The Necrotic and Beyond

600 million years in the future, the Phanerozoic Eon will come to an end with the Matean-Queenslandian Extinction Event. As the Necrotic Eon begins sun progresses through its life cycle, and becomes a red giant. Its temperature and luminosity skyrocket. This heating encourages the evaporation of water, and as this happens rocks begin to harden. Thus, plate tectonics begin to slow, and 800 million years hence they grind to a halt. With the earth's surface at a standstill, with no volcanic activity beyond the odd hotspot, there is no means for carbon to return to the atmosphere from the earth. The remaining carbon in the atmosphere weathers into exposed rock. Below a certain threshold of atmospheric carbon, photosynthesis becomes impossible. Plants are the first to go extinct, followed by multicellular heterotrophs.

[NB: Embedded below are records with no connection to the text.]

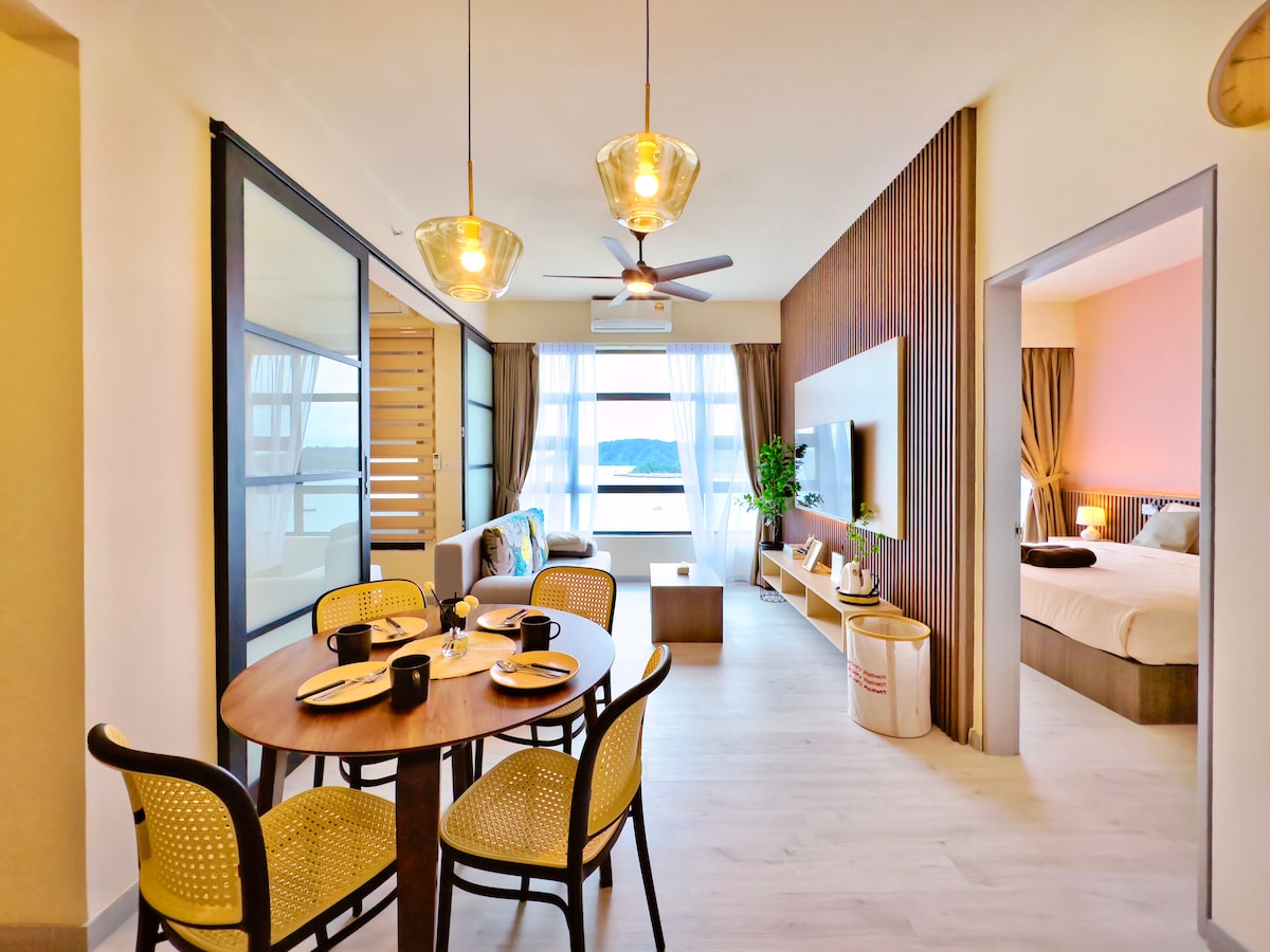 Prvobitno naš porodični dom, naš smeštaj je veoma prostran (158 kvadratnih metara) sa modernim i udobnim renoviranim enterijerom koji se sastoji od punog pogleda na more sa pogledom na Južnokinesko more. Ima pogled na zalazak sunca koji oduzima dah! Nalazimo se odmah iznad najprestižnijeg tržnog centra Imago, u srcu grada Kota Kinabalu, na samo 5–10 minuta od aerodroma. Imaćete pristup međunarodnom supermarketu i restoranima koji nude sve od lokalnih ukusa do kremastog sladoleda. Savršeno je za porodice koje putuju zajedno.
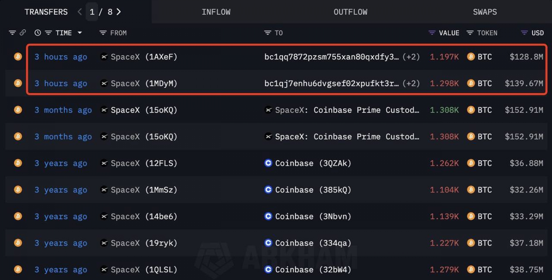 جابجایی بیت‌کوین توسط اسپیس‌ ایکس پس از سه ماه
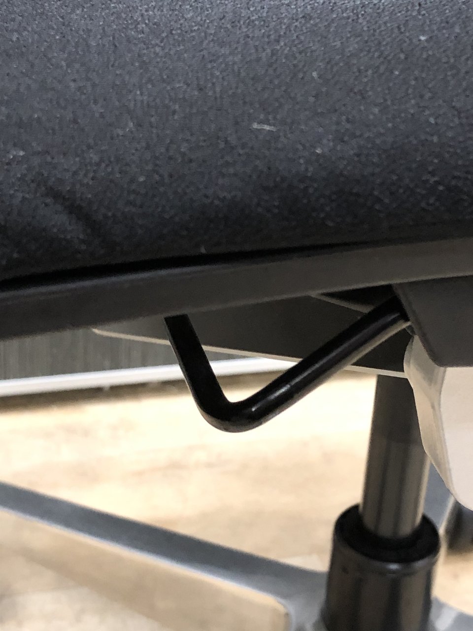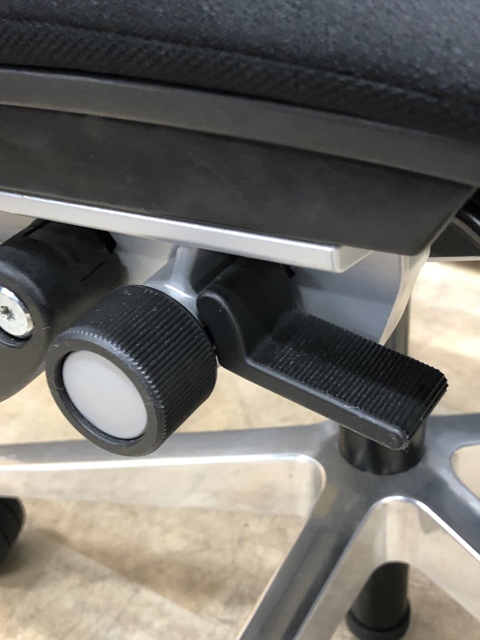 - レバーを引き上げながら座面を前後にスライドさせ、レバーを放すとロックします。背もたれに身体をつけた状態で膝の裏側と座面のエッジの間に5-8センチほどの隙間ができるのが理想的です。
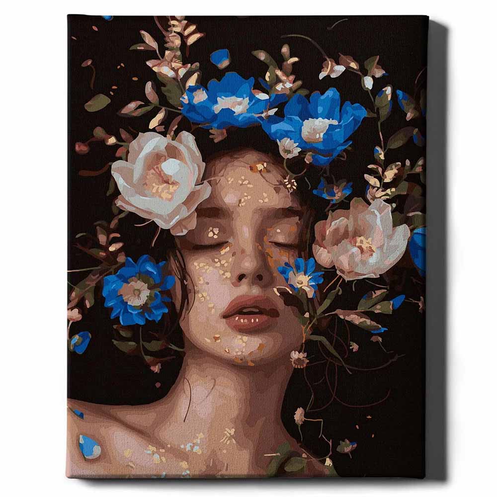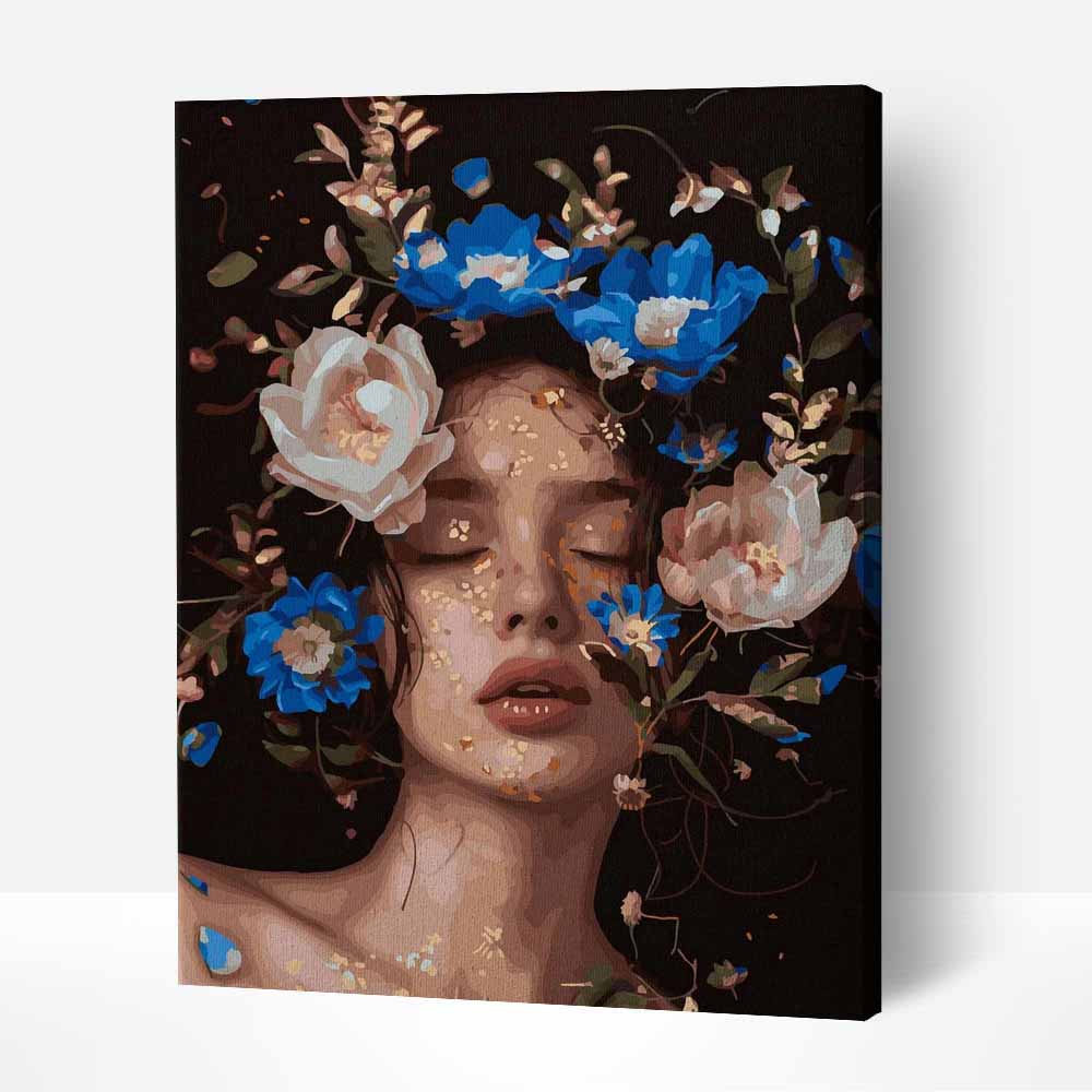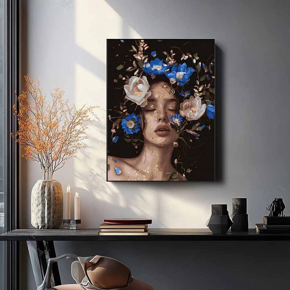 Női Portré Kék Virágokkal – Számfestő – Arany Festékekkel

The last eukaryotes to survive are oceanic microorganisms and radiotrophic fungi, escaping the sun-baked surface deep underground and underwater. But once the sun evaporates all surface water 1.2 billion years hence, even these organisms have a short lease on life.

A few bacteria and archaeans manage to cling to life deep underground as the Necrotic Eon gives way to the Athalassic Eon. After over a billion silent years, life finally gives in 2.8 billion years hence. By now, the earth's outer core has solidified, and its magnetic field and atmosphere have dissipated. Earth spends its final chapter, the Tartaran Eon, as a dead planet, blasted by radiation from the still-growing sun, now well into a red giant phase. Eventually the sun expands so far that it consumes Mercury, Venus, and finally, 7.59 billion years hence, Earth. 8 billion years hence, the sun reaches its maximum diameter. It sheds many of its exterior layers and matures into its final form: a carbon-oxygen white dwarf star, dimly illuminating the remnants of the solar system.